Klingon is the topic of your sentence, not the topic of your speech.

"Regarding the Klingon language: I present a lecture."  You're saying you're
presenting a lecture, including the context that you're referring to the
Klingon language.  You are not saying that Klingon is the topic of your
lecture, though you are implying it by giving the sentence the context of
the Klingon language.

qIbDaq SuvwI''e' SoH Dun law' Hoch Dun puS.
You would be the greatest warrior in the galaxy.  (Star Trek 5)

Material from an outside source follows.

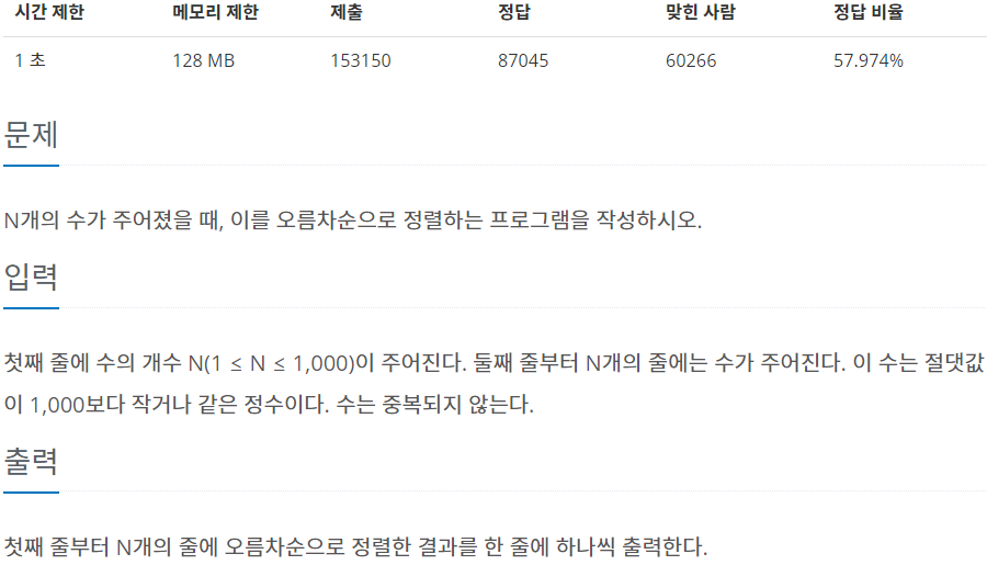 간단하게 N개의 수를 리스트로 받아와서 오름차순으로 sort하면 되는 문제이다.

This sentence consists of the following:

Locative: qIbDaq (in the galaxy)
Topic: SuvwI''e' (warrior[s])
Comparative: SoH Dun law' Hoch Dun puS (you are the most wonderful)

Think of the following English sentence:

"Warriors are strong.  They use weapons and fight battles.  There are many
warriors in Star Trek.  You're one of them.  You were able to defeat the
infamous Captain Kirk.  In the whole galaxy, you are the greatest."

In the last sentence, I didn't say what you were the greatest at, but you
already know that by the context of the sentence: warriors.  The topicalizer
suffix {-'e'} does this: it signals the topic of the sentence explicitly.